Танц-драма «Шинель М» в постановке Юрия Смекалова и творческого объединения МЭД посвящена 150-летию Всеволода Мейерхольда. Об Акакии Акакиевиче и других персонажах Николая Гоголя мы поговорили с Виталием Куликовым — исполнителем главной роли премьерного спектакля.
ST. PETERSBURG DIGEST, 2024, № XXI, март — апрель
— В спектакле Юрия Смекалова вы играете Акакия Б. Есть ли у него что-то общее с гоголевским Акакием Акакиевичем?
— Наш Акакий Б. — попытка рассмотреть привычного Акакия Акакиевича с другой стороны. У нас герой — не задавленный обстоятельствами маленький человек, а, скорее, искренний и по-детски открытый миру. Он обладает теми качествами, которые сегодня не очень-то популярны. Его любовь безропотная и чистая.
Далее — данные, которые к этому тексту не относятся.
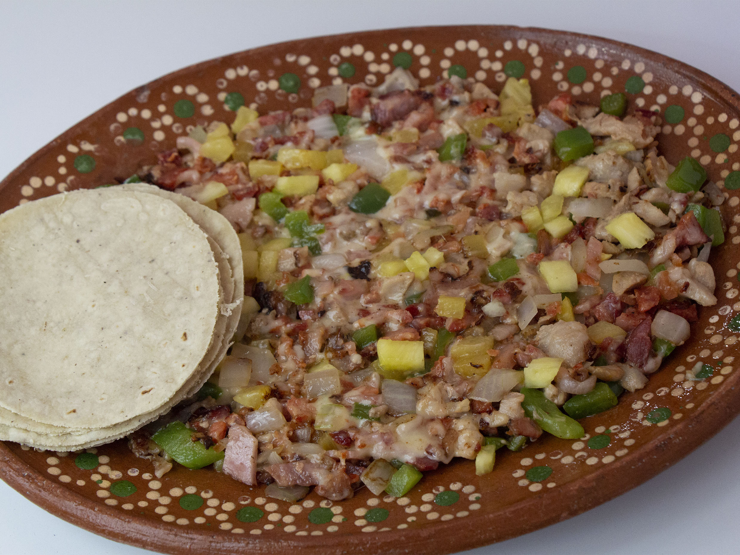 Morrón, cebolla, pastor, tocino, chuleta, bisteck, piña y queso.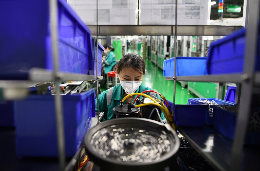 An employee works at Schneider Electric Low Voltage (Tianjin) Co., Ltd. in Tianjin, north China, Feb. 25, 2020. (Xinhua/Li Ran)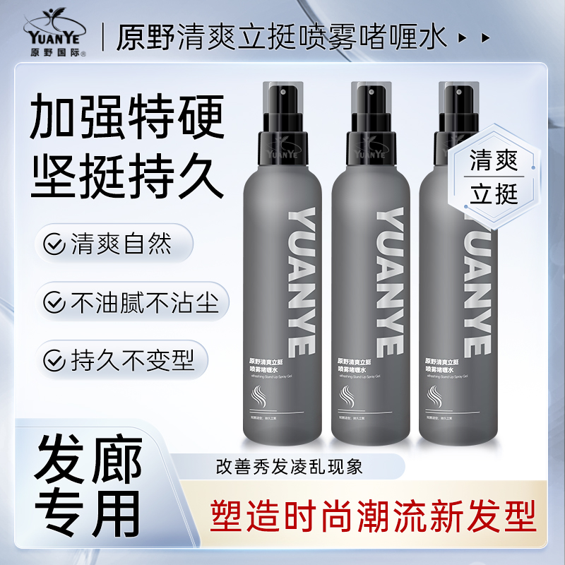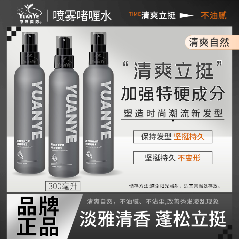 原野清爽立挺喷雾保湿 定型清香啫喱水 特硬持久发胶自然蓬松男士

Это сильное чувство заставляет его измениться, выйти из привычного ему мира.
— Мира маленького человека?
— Я бы не стал называть Акакия маленьким человеком. Понимаю, что этот штамп крепко к нему прирос, тем не менее для меня он не маленький и не ничтожный, каким его принято воспринимать. Он просто другой. Он живет в своем мире, собранном из определенных ритуалов. А любовь раскрывает его. Сегодня такому человеку было бы, наверное, непросто жить в обществе. Искренность часто принимают за слабость, хотя искренность — это и есть сила.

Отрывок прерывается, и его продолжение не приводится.